→ **DESCRIPTION OF THE TASK**
None of the pictures should be copied, though every line of the listing must be printed exactly.

[[ RECORD EXCERPTS open ]]

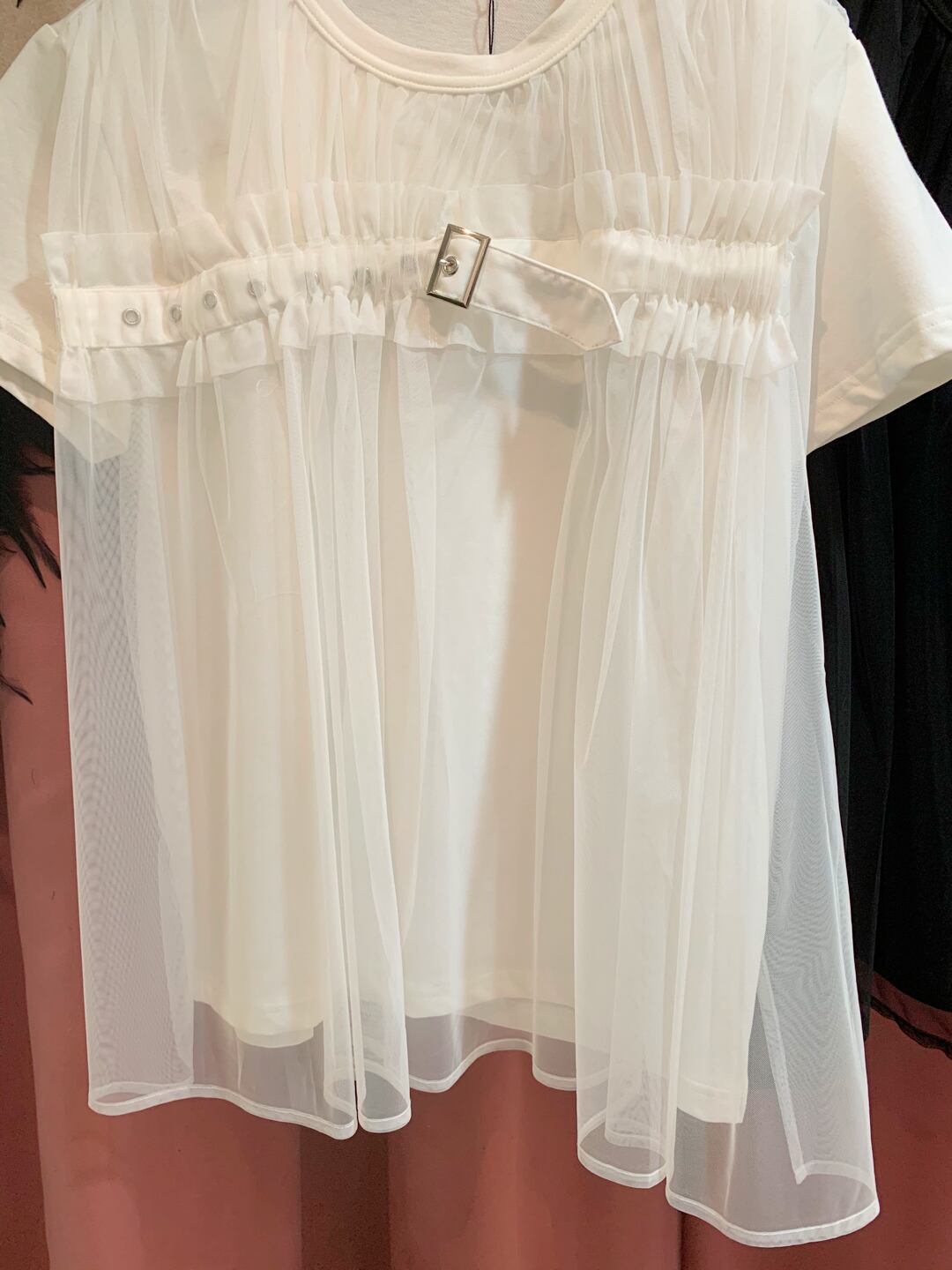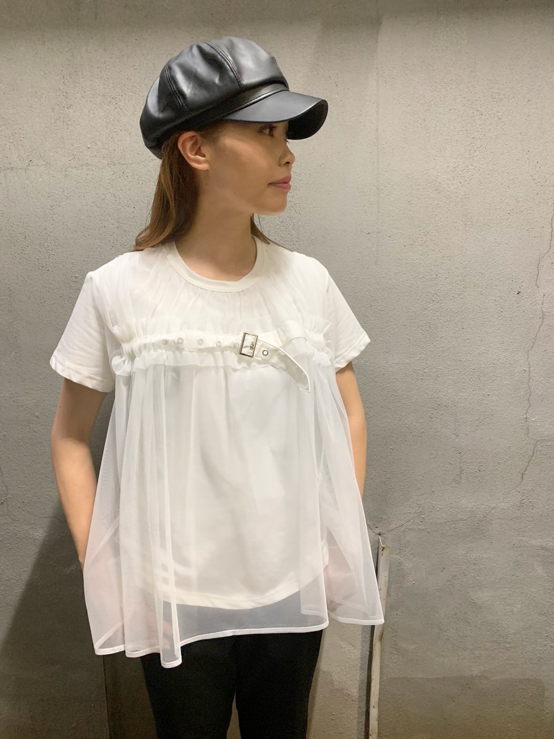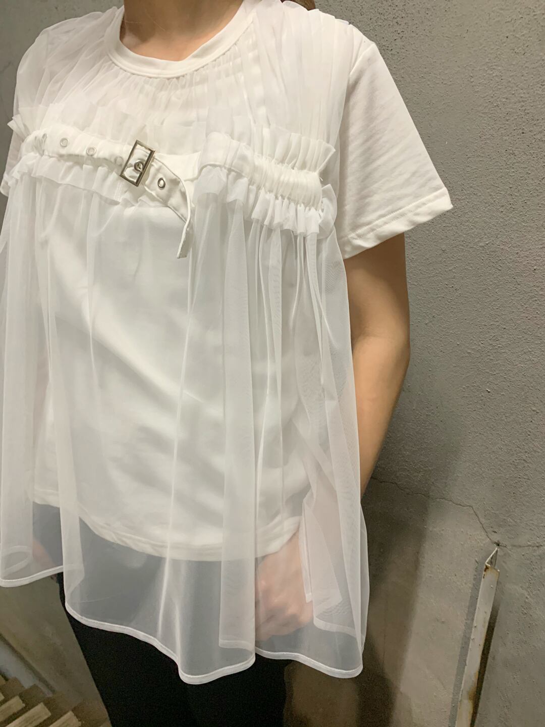 belted gather see-through lap tops トップス シースルー ベルテッド 透け感
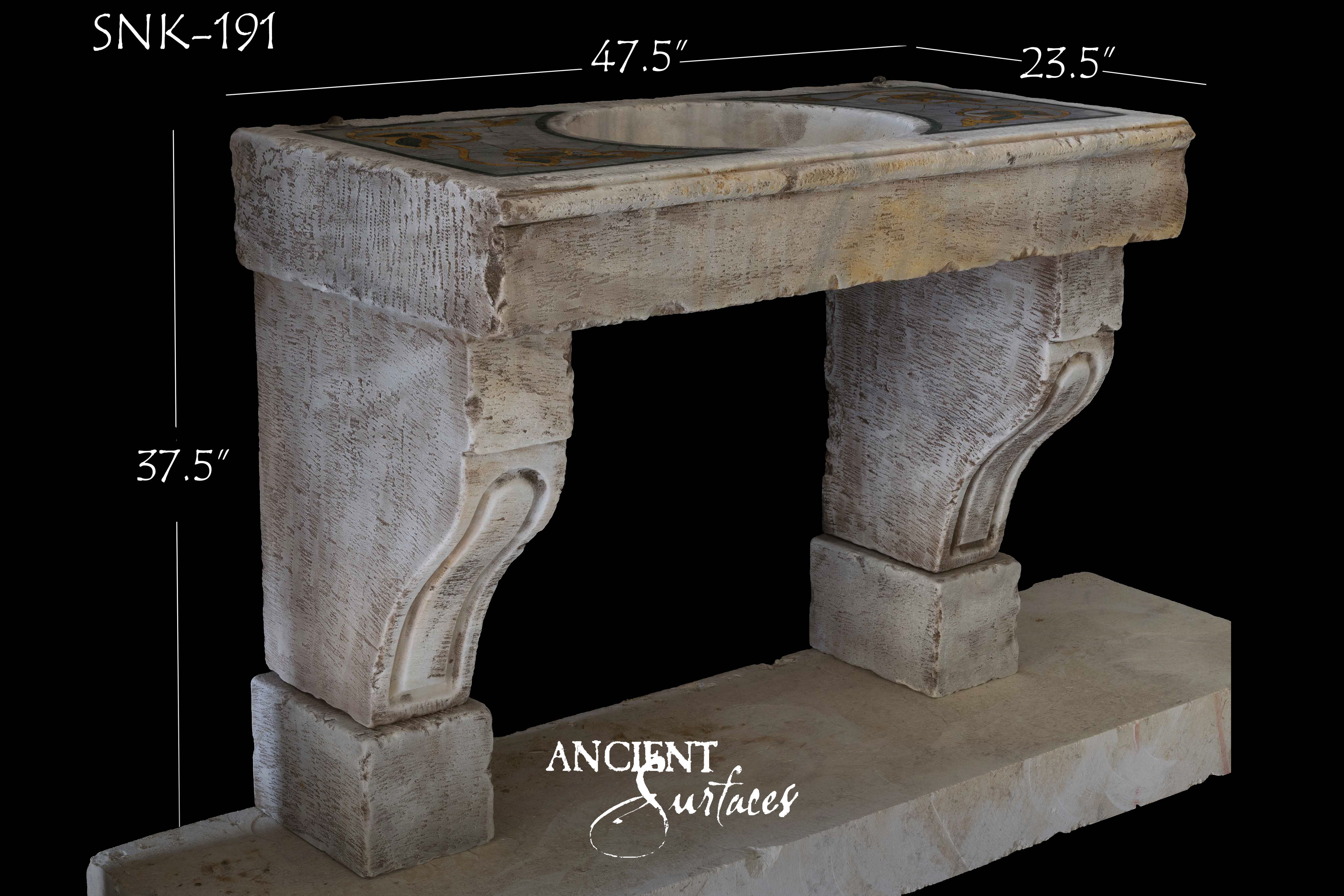 SNK-127 showcases bold architectural lines paired with intricate detailing etched into its supporting legs. The carvings on its structure suggest artisanal craftsmanship, with each curve and angle adding visual depth. Ideal for an Old-World-inspired bathroom or a Tuscan-style courtyard, this limestone sink is a statement piece that draws the eye while serving its practical purpose. Ancient Surfaces’ dedication to quality is evident in every inch of this masterpiece.
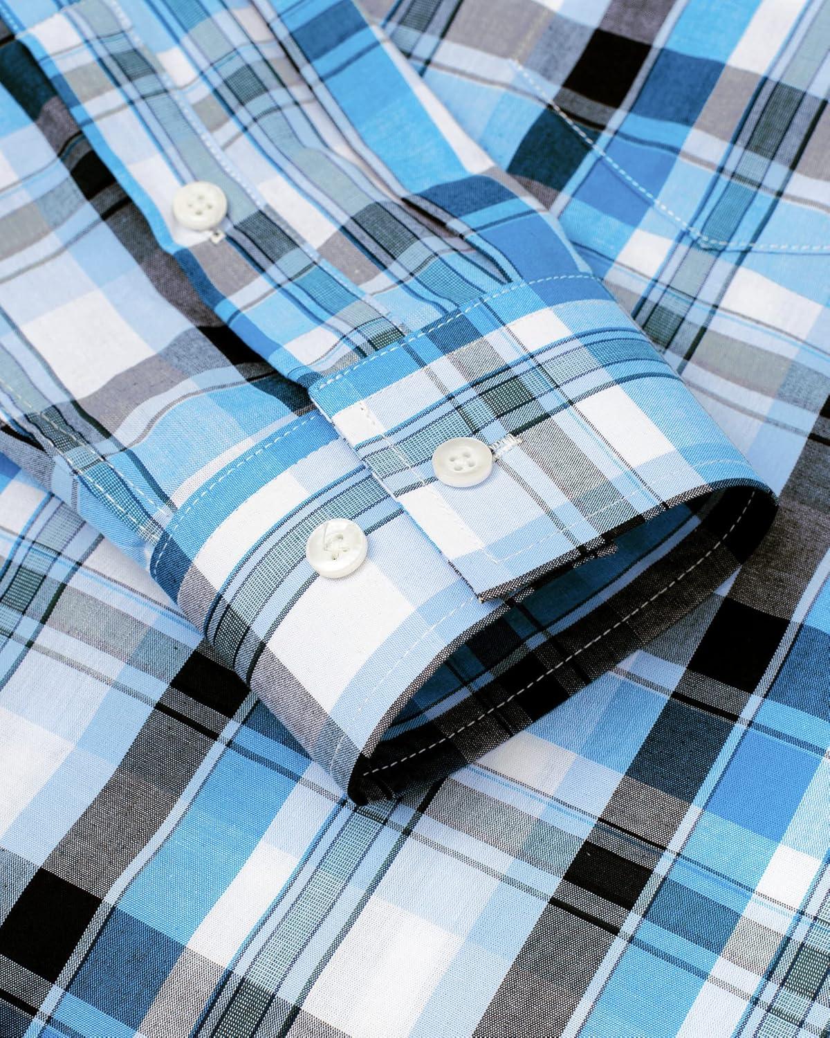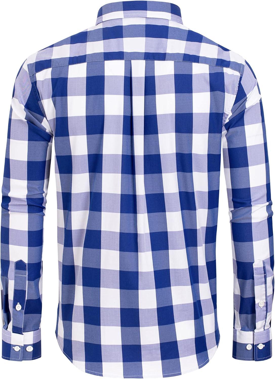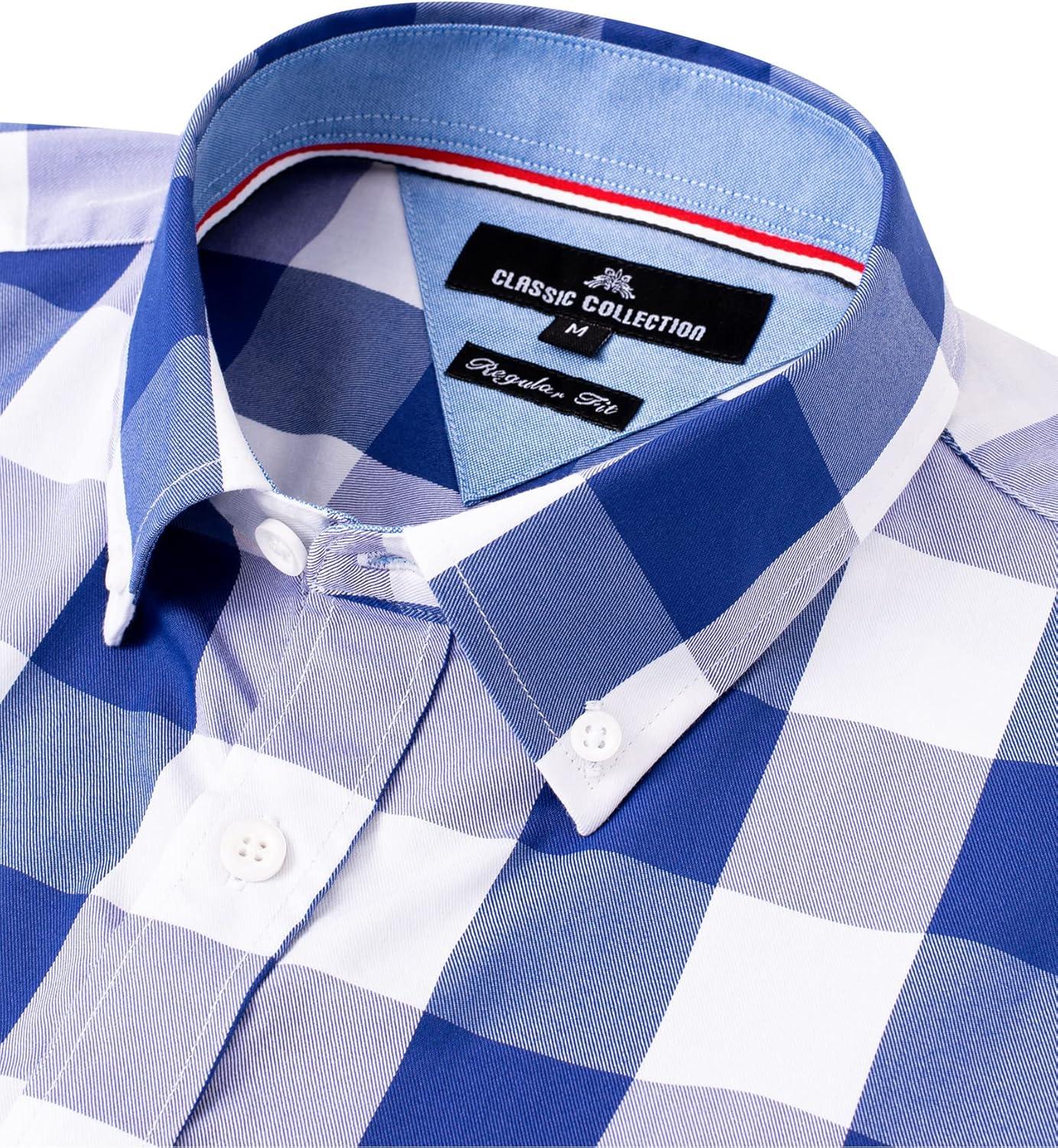 Alimens & Gentle Men’s Plaid Button Down Shirts Cotton Long Sleeve Dress Shirts Regular Fit Gingham Shirts(Blue Large Plaid)
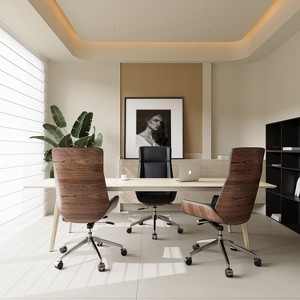 Upgrade your workspace with this sophisticated executive office chair that seamlessly blends modern design with exceptional comfort. Featuring a sleek combination of leather upholstery and a polished wood finish, this chair offers a luxurious aesthetic that enhances any professional setting. Engineered for both comfort and productivity, the ergonomically contoured high back supports your spine, while the padded seat and backrest provide lasting comfort during long workdays. Its height-adjustable mechanism and smooth swivel base with durable casters ensure effortless mobility and customization to your seating preference, making it perfect for any desk or office setup. Built with a sturdy metal frame and a five-star base, this chair promises stability and longevity. Whether you're working on a major project or hosting a meeting, this chair combines elegance with practicality, giving you the perfect balance of style and support.
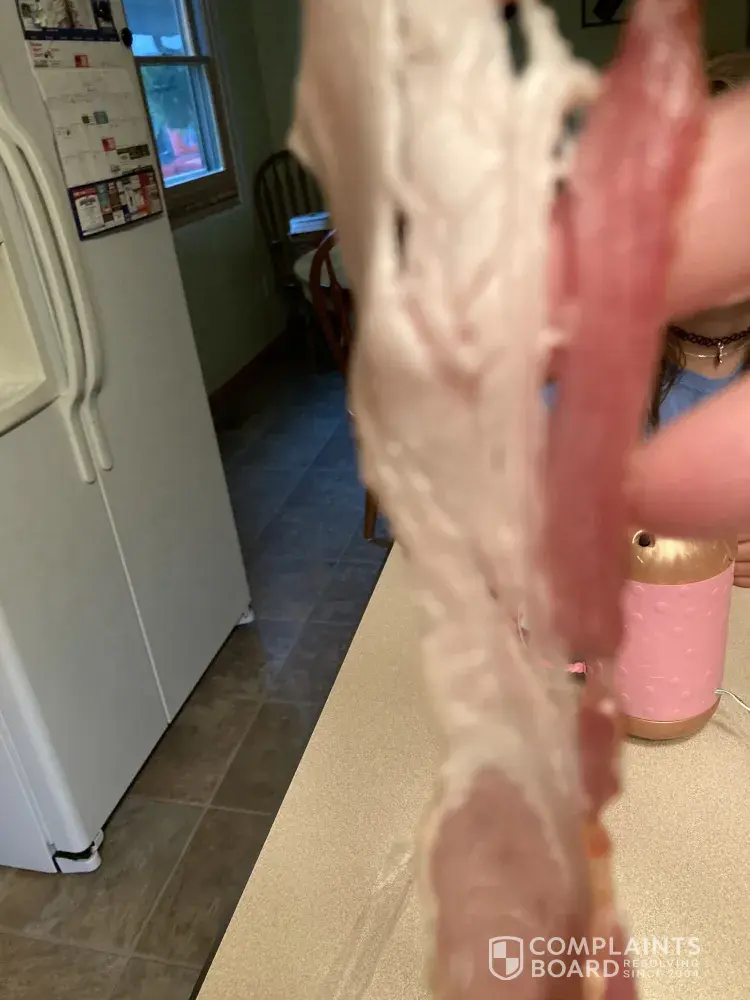 It was not thick fell apart when talking out of the package. I had my grandkids over they love bacon I was so disappointed at This product. I've always gone with Bob Evans sausage bacon always loved it but this time I think it was package strong. I don't know how much more that you would want me to say about this product to make sure that it is somehow result whether you give me cash back or coupon to purchase the same product again.
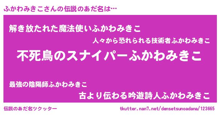 | ヒーロー風カッコイイあだ名 | 『スーパーフカワミキコ』『魔戒騎士フカ』 |
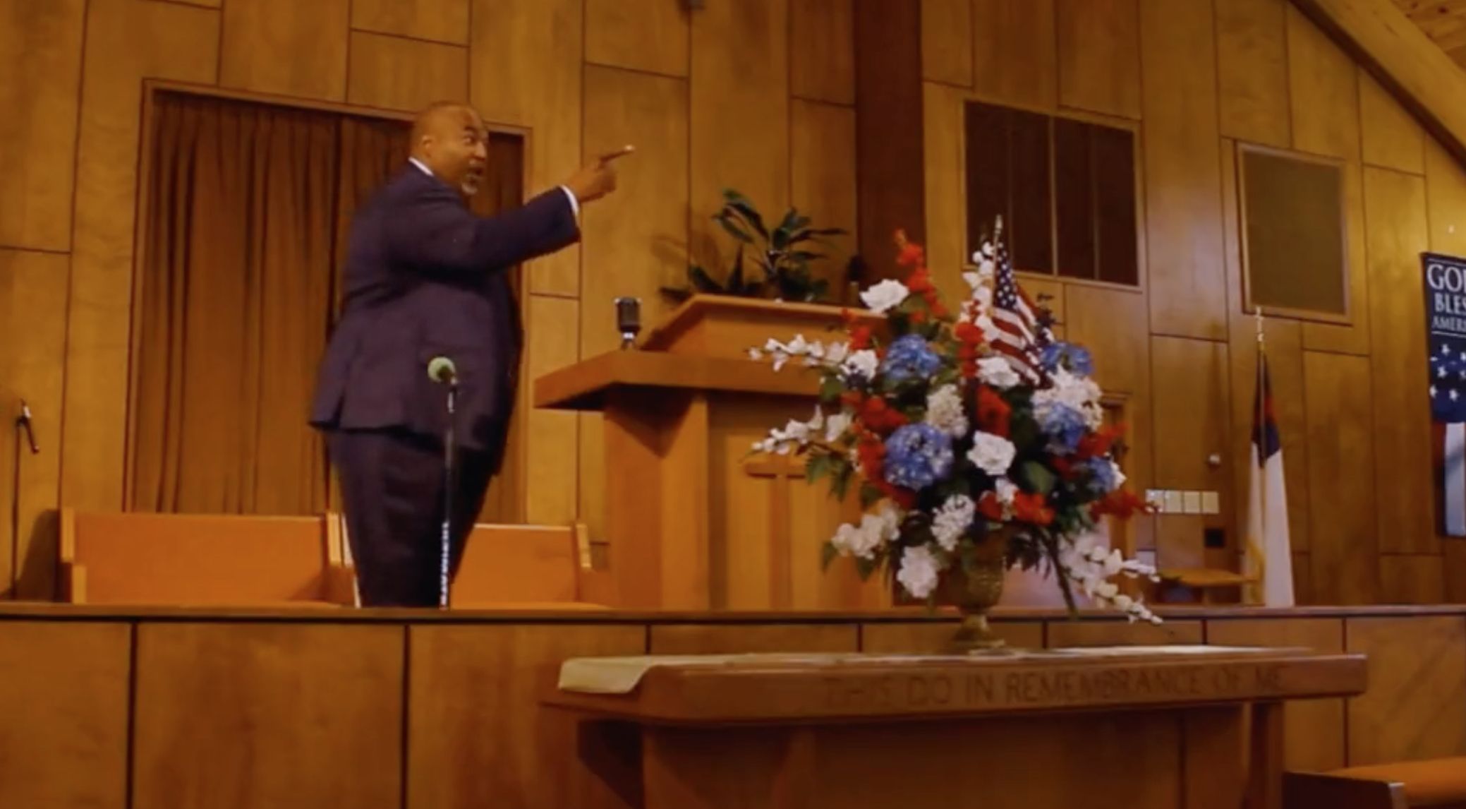 The video, which was first shared by progressive advocacy group Right Wing Watch, shows the Republican vice state executive speaking at the Asbury Baptist Church in Seagrove during a June visit.

[[ RECORD EXCERPTS closed ]]

→ **EXERCISE ANSWER**
 belted gather see-through lap tops トップス シースルー ベルテッド 透け感
 SNK-127 showcases bold architectural lines paired with intricate detailing etched into its supporting legs. The carvings on its structure suggest artisanal craftsmanship, with each curve and angle adding visual depth. Ideal for an Old-World-inspired bathroom or a Tuscan-style courtyard, this limestone sink is a statement piece that draws the eye while serving its practical purpose. Ancient Surfaces’ dedication to quality is evident in every inch of this masterpiece.
 Alimens & Gentle Men’s Plaid Button Down Shirts Cotton Long Sleeve Dress Shirts Regular Fit Gingham Shirts(Blue Large Plaid)
 Upgrade your workspace with this sophisticated executive office chair that seamlessly blends modern design with exceptional comfort. Featuring a sleek combination of leather upholstery and a polished wood finish, this chair offers a luxurious aesthetic that enhances any professional setting. Engineered for both comfort and productivity, the ergonomically contoured high back supports your spine, while the padded seat and backrest provide lasting comfort during long workdays. Its height-adjustable mechanism and smooth swivel base with durable casters ensure effortless mobility and customization to your seating preference, making it perfect for any desk or office setup. Built with a sturdy metal frame and a five-star base, this chair promises stability and longevity. Whether you're working on a major project or hosting a meeting, this chair combines elegance with practicality, giving you the perfect balance of style and support.
 It was not thick fell apart when talking out of the package. I had my grandkids over they love bacon I was so disappointed at This product. I've always gone with Bob Evans sausage bacon always loved it but this time I think it was package strong. I don't know how much more that you would want me to say about this product to make sure that it is somehow result whether you give me cash back or coupon to purchase the same product again.
 | ヒーロー風カッコイイあだ名 | 『スーパーフカワミキコ』『魔戒騎士フカ』 |
 The video, which was first shared by progressive advocacy group Right Wing Watch, shows the Republican vice state executive speaking at the Asbury Baptist Church in Seagrove during a June visit.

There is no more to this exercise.